Out-Law News | 08 Apr 2014 | 11:23 am | 1 min. read
The plan should also list the price of shares, the yield and stock buy-back terms, reports the Chinese state press agency Xinhua. And companies must issue a prospectus highlighting risk factors, describing the purpose of the share issue and summarising board directors' opinions on the issue.
Information relating to the share issue should also be published on newly designated websites, according to the newspaper, to "help investors make informed decisions" according to Xinhua.
The CSRC has issued rules relating to information disclosure for preferred shares as the latest step in a pilot announced by the Chinese government last month, which will allow some Chinese companies to issue this type of share. Preferred shares entitle the holder to a fixed-rate dividend which is paid to them before any dividend is distributed to holders of ordinary shares. Holders of preferred stock also rank higher than ordinary shareholders in receiving proceeds from the liquidation of assets, should a company be wound up.
China is trialling the introduction of preferred shares in the belief the development will open up additional financing channels for Chinese companies and offer more investment instruments for investors with the creation of a multi-level capital market, the state news agencies report. The move is a further step in the Chinese government's stated intention to create a more mixed economy in the republic.
"The trial of preferred shares is a great innovation in the Chinese capital market and plays an important role in deepening reform," said CSRC spokesperson Zhang Xiaojun last month, as the rules governing which kind of companies will be allowed to issue preferred shares were announced.

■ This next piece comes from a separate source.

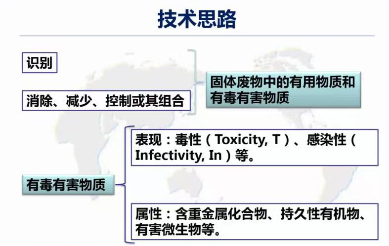 固廢管理的技術(shù)思路分為兩類,一方面應識別固廢中的有用物質(zhì)對其進行資源化利用;而另一方面對表現(xiàn)出毒性、感染性等含重金屬化合物、持久性有機物和有害微生物等有毒有害物質(zhì)需著力消除、減少、控制或使用組合措施。廢物處理中通常需要加入能量與化學物質(zhì),在轉(zhuǎn)化得到產(chǎn)品的同時可能產(chǎn)生大氣排放、水體排放與工藝殘余物,需要關(guān)注與控制。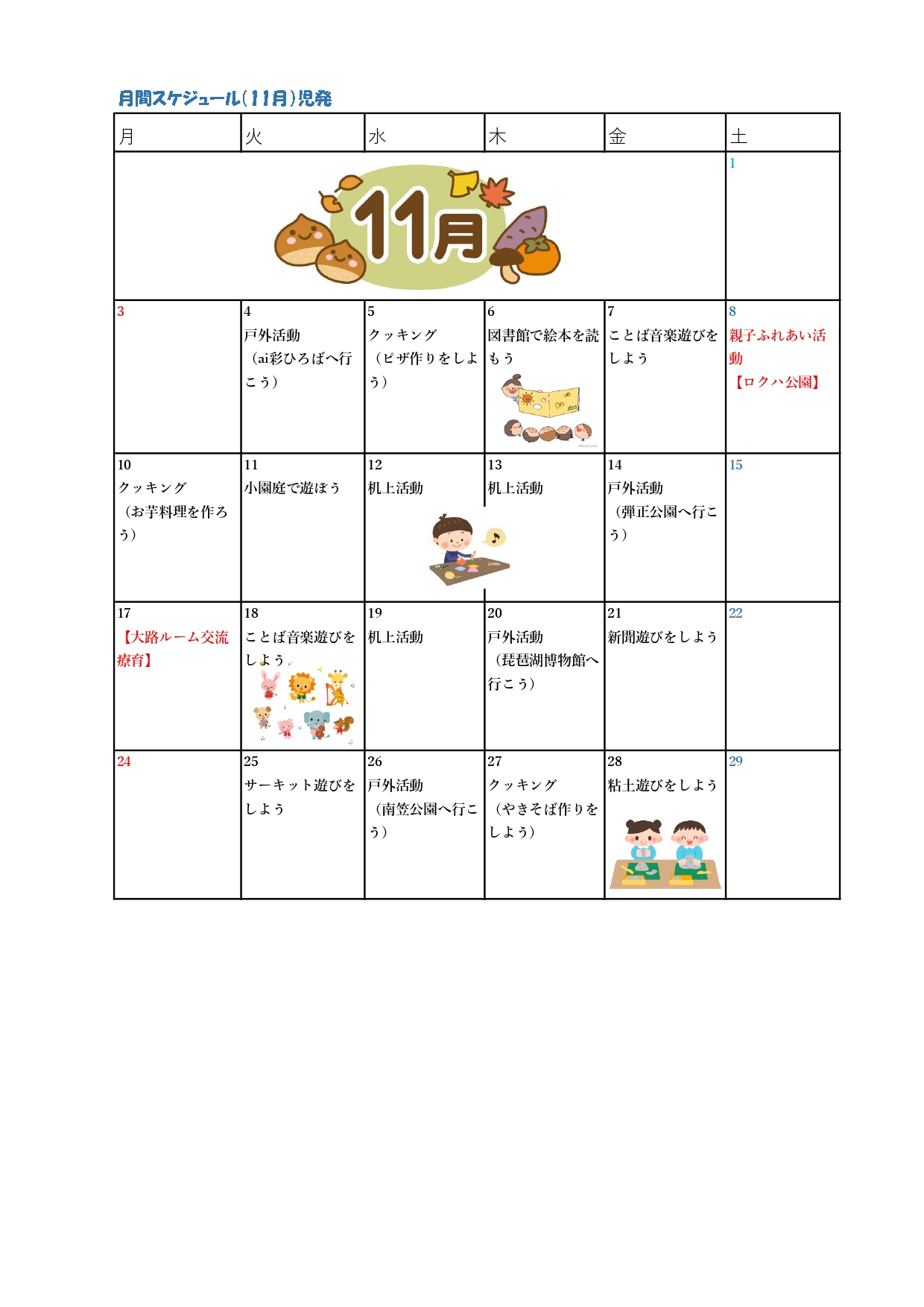 また、公園の木々も少しずつ葉を落とし始めています。落ち葉やドングリ拾いなど、季節の移り変わりを五感で感じながら、戸外活動も楽しんでいければと考えています。

Under the CSRC rules, three types of listed companies can publicly issue preferred shares, China Daily reported last month. These are Shanghai Stock Exchange 50 index members, which are the largest companies in terms of market capitalization; companies which are planning to acquire other listed companies by issuing preferred shares for payment; and companies which want to buy back common stock and which plan to decrease their registered capital by issuing preferred shares as payment.